Work instructions:
Each line in the material below, starting at the one with "From 2004 to" and ending at the one with "Κοιτάξτε τις ζωντανές, παιχνιδιάρικες", is to be reproduced exactly; no picture is to be copied.

Dataset extract:
=== Section Start ===
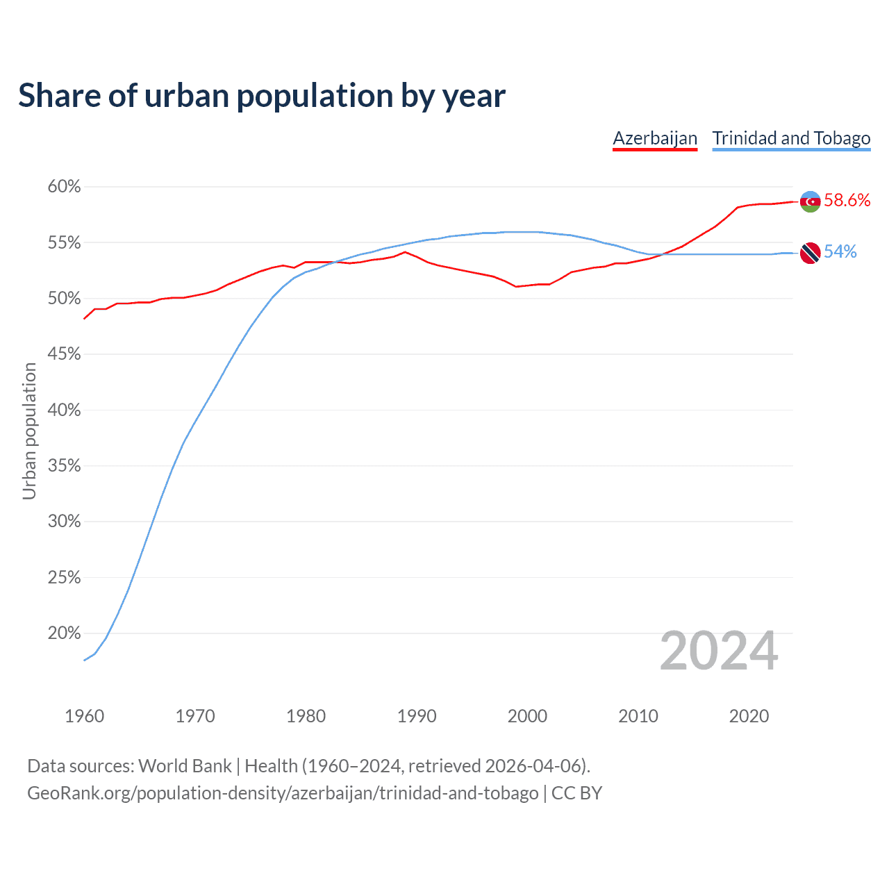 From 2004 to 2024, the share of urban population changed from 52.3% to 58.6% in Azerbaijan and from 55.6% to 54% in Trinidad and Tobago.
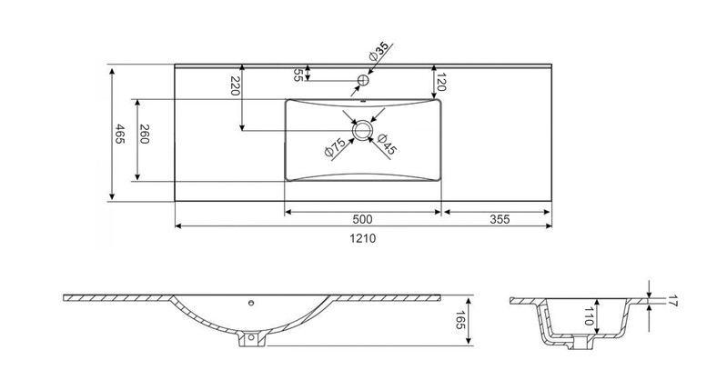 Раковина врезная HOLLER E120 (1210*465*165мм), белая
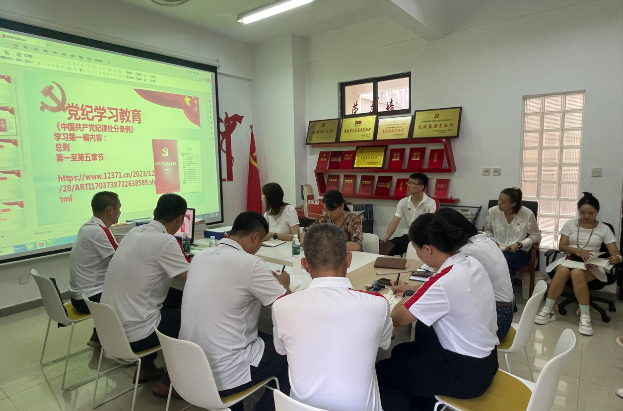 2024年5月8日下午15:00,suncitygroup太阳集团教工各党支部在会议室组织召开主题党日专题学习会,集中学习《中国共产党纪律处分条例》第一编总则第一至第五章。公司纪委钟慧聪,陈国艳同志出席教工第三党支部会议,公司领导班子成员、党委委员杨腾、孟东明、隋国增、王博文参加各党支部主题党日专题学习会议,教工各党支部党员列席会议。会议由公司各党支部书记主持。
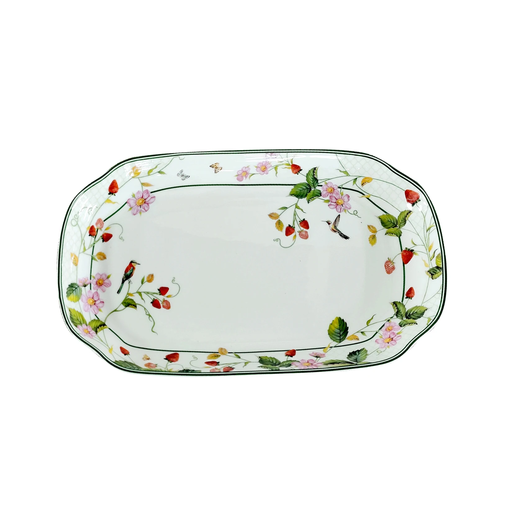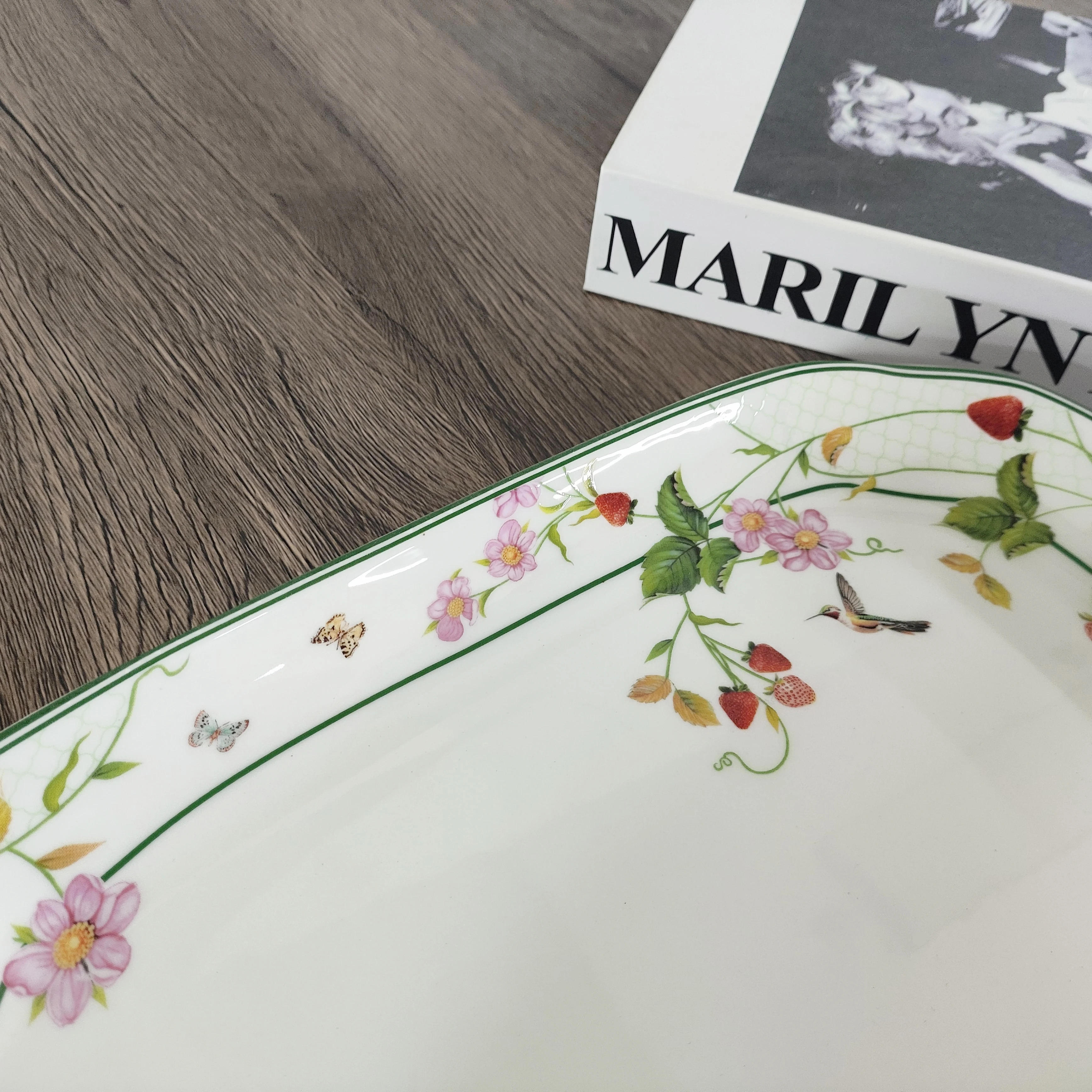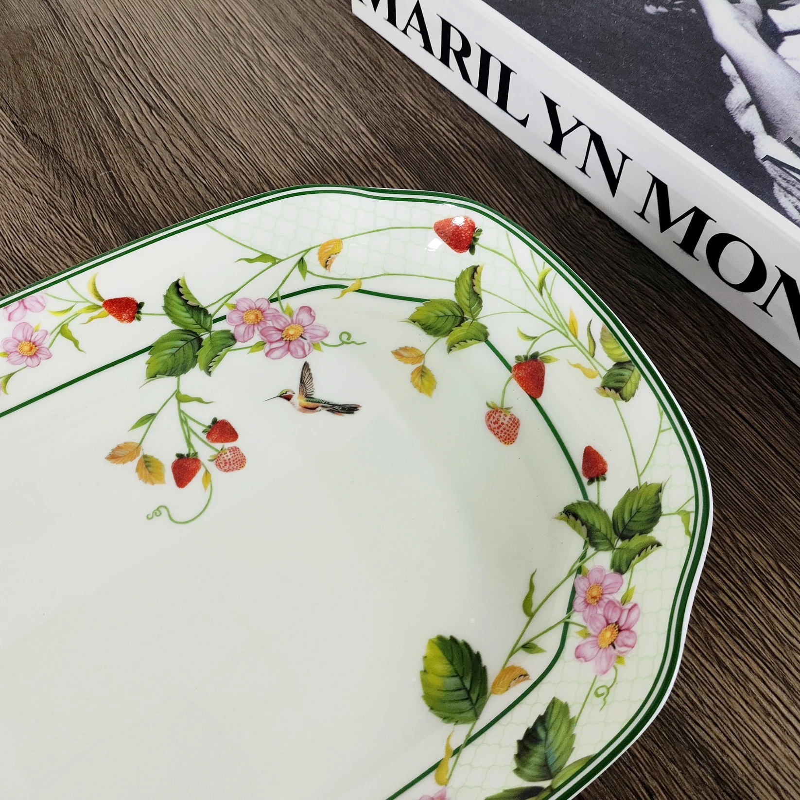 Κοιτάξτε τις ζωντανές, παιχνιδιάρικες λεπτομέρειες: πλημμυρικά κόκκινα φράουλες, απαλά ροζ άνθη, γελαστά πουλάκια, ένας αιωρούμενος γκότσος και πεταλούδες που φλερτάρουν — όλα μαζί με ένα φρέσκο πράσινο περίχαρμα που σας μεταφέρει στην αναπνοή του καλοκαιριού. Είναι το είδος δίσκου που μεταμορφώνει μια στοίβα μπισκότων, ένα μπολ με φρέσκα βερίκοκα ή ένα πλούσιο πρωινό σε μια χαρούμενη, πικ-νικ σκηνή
=== Section End ===
=== Section Start ===
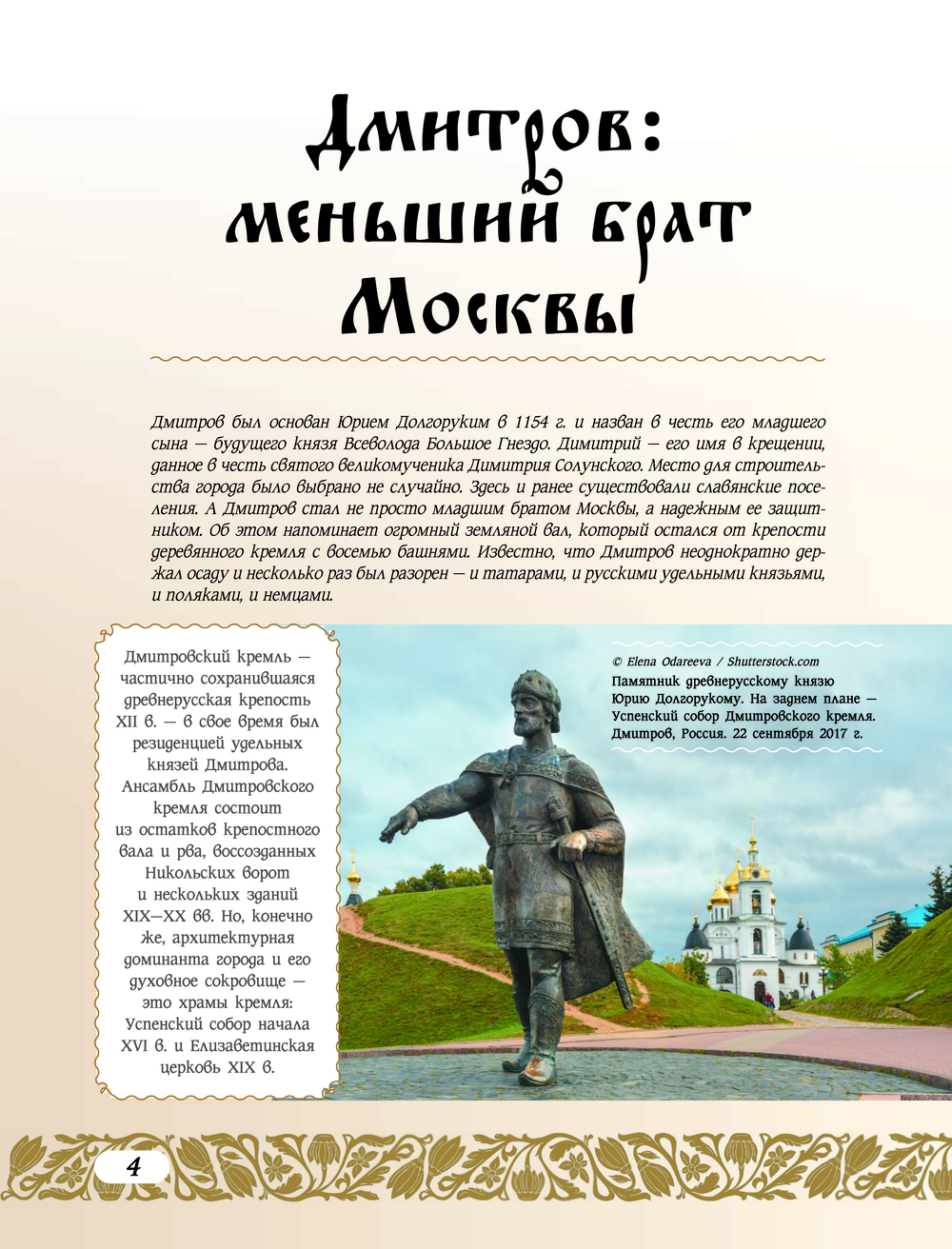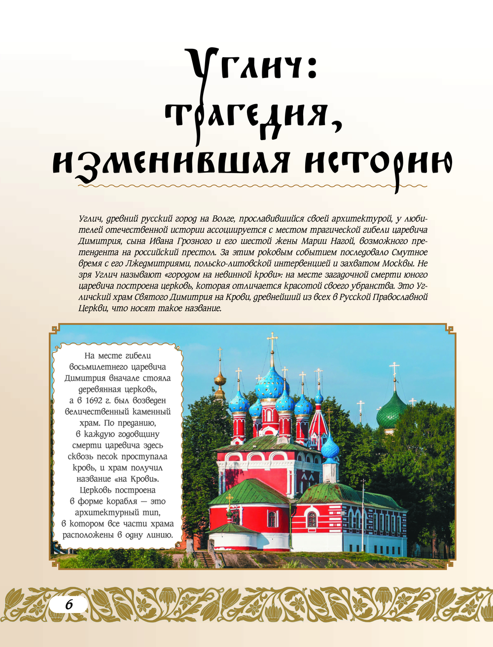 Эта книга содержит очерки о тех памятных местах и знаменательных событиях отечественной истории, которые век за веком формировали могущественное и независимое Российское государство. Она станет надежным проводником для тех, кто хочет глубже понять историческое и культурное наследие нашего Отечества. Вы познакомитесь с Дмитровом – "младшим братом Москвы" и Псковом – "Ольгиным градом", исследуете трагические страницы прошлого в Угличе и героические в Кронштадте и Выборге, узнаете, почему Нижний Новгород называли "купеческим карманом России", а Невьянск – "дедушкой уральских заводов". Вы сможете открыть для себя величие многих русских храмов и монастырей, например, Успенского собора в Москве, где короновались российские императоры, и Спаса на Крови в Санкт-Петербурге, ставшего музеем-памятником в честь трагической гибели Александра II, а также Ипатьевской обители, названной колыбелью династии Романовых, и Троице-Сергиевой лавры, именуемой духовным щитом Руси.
=== Section End ===
=== Section Start ===
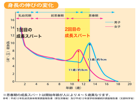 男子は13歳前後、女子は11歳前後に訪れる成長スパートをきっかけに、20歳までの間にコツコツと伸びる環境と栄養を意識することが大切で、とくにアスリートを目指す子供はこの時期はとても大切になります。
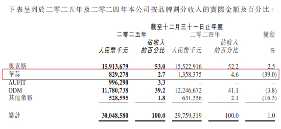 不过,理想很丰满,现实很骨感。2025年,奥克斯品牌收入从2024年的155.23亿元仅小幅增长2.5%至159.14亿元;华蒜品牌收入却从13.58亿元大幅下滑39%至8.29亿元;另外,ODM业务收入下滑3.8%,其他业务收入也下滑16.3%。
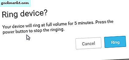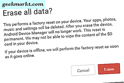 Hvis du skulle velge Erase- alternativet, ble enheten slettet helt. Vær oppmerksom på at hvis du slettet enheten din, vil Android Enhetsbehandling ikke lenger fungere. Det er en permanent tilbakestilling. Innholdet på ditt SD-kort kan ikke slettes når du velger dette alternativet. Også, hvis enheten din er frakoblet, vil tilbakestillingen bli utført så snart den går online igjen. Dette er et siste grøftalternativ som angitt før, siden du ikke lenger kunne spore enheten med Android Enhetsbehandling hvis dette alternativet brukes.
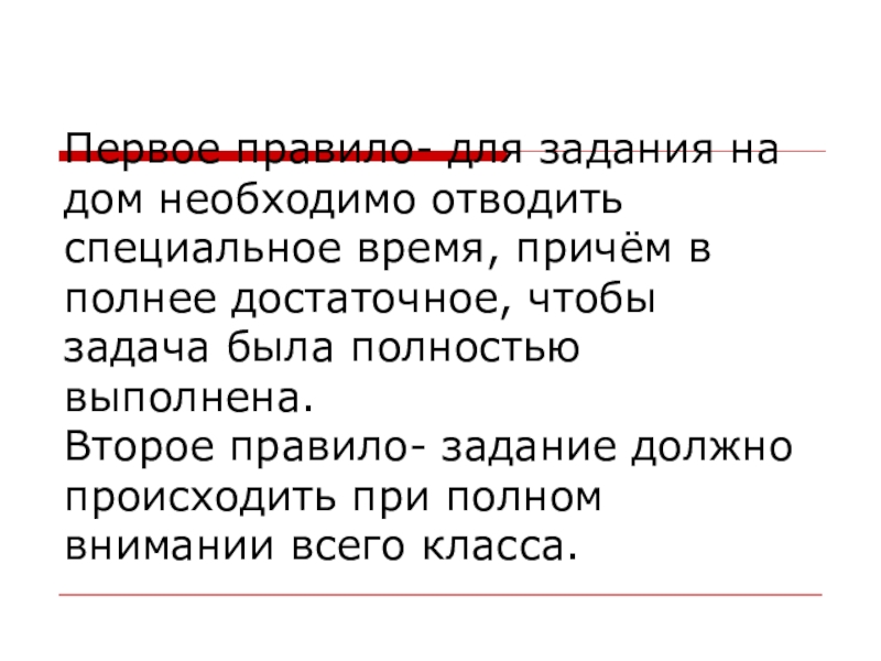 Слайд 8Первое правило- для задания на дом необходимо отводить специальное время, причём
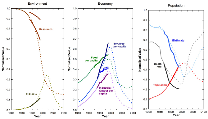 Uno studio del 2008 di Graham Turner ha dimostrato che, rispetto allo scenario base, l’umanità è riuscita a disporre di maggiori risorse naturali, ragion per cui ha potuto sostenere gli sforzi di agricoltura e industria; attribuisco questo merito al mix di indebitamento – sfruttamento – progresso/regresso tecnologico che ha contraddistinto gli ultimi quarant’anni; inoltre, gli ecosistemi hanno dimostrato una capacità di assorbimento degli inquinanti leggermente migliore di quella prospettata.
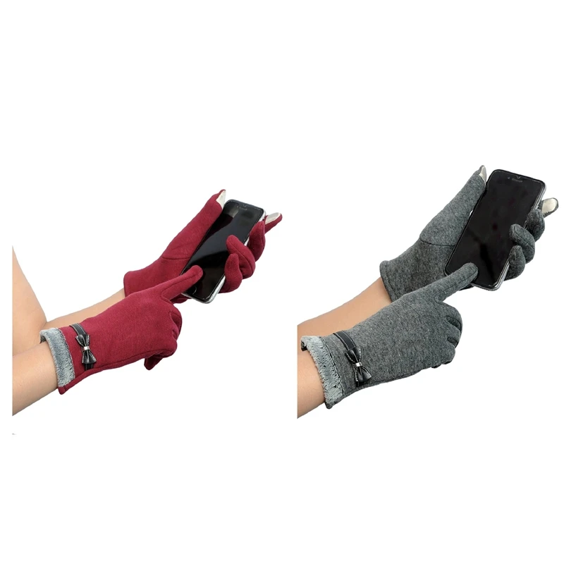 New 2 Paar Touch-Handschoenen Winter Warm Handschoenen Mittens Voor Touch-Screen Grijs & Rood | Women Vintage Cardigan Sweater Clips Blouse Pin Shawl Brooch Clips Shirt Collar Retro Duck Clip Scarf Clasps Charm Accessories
=== Section End ===
Answer below:
 From 2004 to 2024, the share of urban population changed from 52.3% to 58.6% in Azerbaijan and from 55.6% to 54% in Trinidad and Tobago.
 Раковина врезная HOLLER E120 (1210*465*165мм), белая
 2024年5月8日下午15:00,suncitygroup太阳集团教工各党支部在会议室组织召开主题党日专题学习会,集中学习《中国共产党纪律处分条例》第一编总则第一至第五章。公司纪委钟慧聪,陈国艳同志出席教工第三党支部会议,公司领导班子成员、党委委员杨腾、孟东明、隋国增、王博文参加各党支部主题党日专题学习会议,教工各党支部党员列席会议。会议由公司各党支部书记主持。
 Κοιτάξτε τις ζωντανές, παιχνιδιάρικες λεπτομέρειες: πλημμυρικά κόκκινα φράουλες, απαλά ροζ άνθη, γελαστά πουλάκια, ένας αιωρούμενος γκότσος και πεταλούδες που φλερτάρουν — όλα μαζί με ένα φρέσκο πράσινο περίχαρμα που σας μεταφέρει στην αναπνοή του καλοκαιριού. Είναι το είδος δίσκου που μεταμορφώνει μια στοίβα μπισκότων, ένα μπολ με φρέσκα βερίκοκα ή ένα πλούσιο πρωινό σε μια χαρούμενη, πικ-νικ σκηνή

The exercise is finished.